Use cached file mtime as Last-Modified header value

On nginx 1.10.1 I'm proxying an external website (not under my control) to cache images locally.

my config is the following:

location ~ /cachedimages/(?<productcode>.*)/(?<size>.*)/image.jpg {
   resolver 127.0.0.1;
   proxy_pass             https://www.externalsite.example/api/getImage/?productcode=$productcode&size=$size;
   proxy_cache            imgcache;
   proxy_cache_valid      200  1d;
   proxy_cache_use_stale  error timeout invalid_header updating http_500 http_502 http_503 http_504;

   expires 1M;
   access_log off;
   add_header 'Cache-Control' "public";
   add_header Last-Modified $upstream_http_last_modified;
   add_header X-Proxy-Cache $upstream_cache_status;
  }

imgcache is defined has following:

proxy_cache_path /var/cache/nginx/imgcache levels=1:2 keys_zone=imgcache:10m max_size=1g inactive=24h;

The remote server doesn't give the Last-Modified header:

curl -X GET -I https://www.externalsite.example/api/getImage/?productcode=abc123&size=128
HTTP/1.1 200 OK
Date: Thu, 15 Sep 2016 08:16:07 GMT
Server: Apache
Transfer-Encoding: chunked
Content-Type: image/jpeg

and my server adds some header but not Last-Modified

curl -X GET -I https://www.myserver.com/cachedimages/abc123/128/image.jpg
HTTP/1.1 200 OK
Server: nginx
Date: Thu, 15 Sep 2016 08:33:26 GMT
Content-Type: image/jpeg
Transfer-Encoding: chunked
Connection: keep-alive
Expires: Sat, 15 Oct 2016 08:33:26 GMT
Cache-Control: max-age=2592000
Cache-Control: public
X-Proxy-Cache: HIT

How can I force nginx to read the mtime of the cached (and hit) file and serve it as Last-Modified header value?


Solution 1:

The $upstream_http_* embedded variable stores the headers sent by the upstream server in the cache. You can abuse the Date: header sent by upstream to fill the Last-Modified header sent by your reverse proxy, like this:

 add_header Last-Modified '$upstream_http_date';

Works as expected:

  Last-Modified: Sun, 22 Apr 2018 08:48:44 GMT
  X-Cached: MISS
  ...
  Last-Modified: Sun, 22 Apr 2018 08:50:05 GMT
  X-Cached: HIT
  ...
  Last-Modified: Sun, 22 Apr 2018 08:50:05 GMT
  X-Cached: HIT

More info on $upstream_http_* here: http://nginx.org/en/docs/http/ngx_http_upstream_module.html#variables (look for $upstream_http_name).

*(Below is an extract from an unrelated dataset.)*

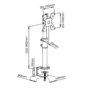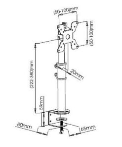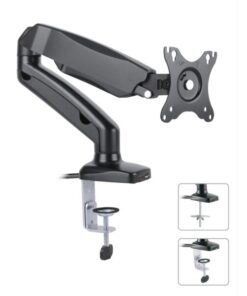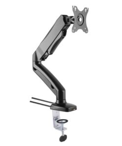 • Supporto da scrivania ideale per sollevare il monitor dal piano di lavoro incrementando lo spazio operativo e riducendo il disordine; ottimizza l’ergonomia permettendo di regolare l’inclinazione, l’altezza, la rotazione per individuare la migliore posizione di visibilità dello schermo• Facilmente installabile, è l’ideale per la casa, l’ufficio e per altre particolari applicazioni – non è necessario praticare alcun foroCaratteristiche• Supporto da scrivania per monitor 13-30’• Supporta VESA 75×75 e 100×100 mm • Massimo peso supportato: 15 kg• Altezza regolabile da 222 a 380 mmSpecifiche• Inclinazione +/-12°• Orientamento orizzontale: 360°• Si installa su superfici orizzontali con uno spessore di 5 cm• Dimensioni: 65 x (222-380) x 80 mm, 1.5kg• Colore: neroLa confezione include• Supporto da scrivania per Monitor• Accessori di fissaggio e istruzioni per l’installazione

That being said, what you are trying to achieve imho is generally a bad idea: the reverse proxy has no idea if the object upstream has been updated since it was last fetched or not, yet it will tell the client downstream that the object has not been modified. This is false information.

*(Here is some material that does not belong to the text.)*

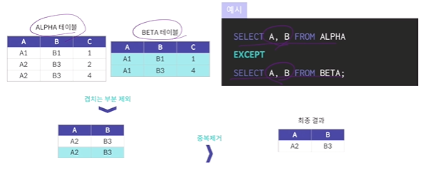 - 두 개의 테이블에서 겹치는 부분을 앞의 테이블에서 제외하여 추출하는 연산

Of course there might be reasons why you want to do it, i.e. if you have full control on any object update happening on upstream and/or if you plan to flush the cache of the reverse proxy manually everytime is needed.

If you have a single reverse proxy, I strongly recommend that you look into ETags as a better solution to your problem. If you have a pool of reverse proxies, using ETags effectively gets complicated.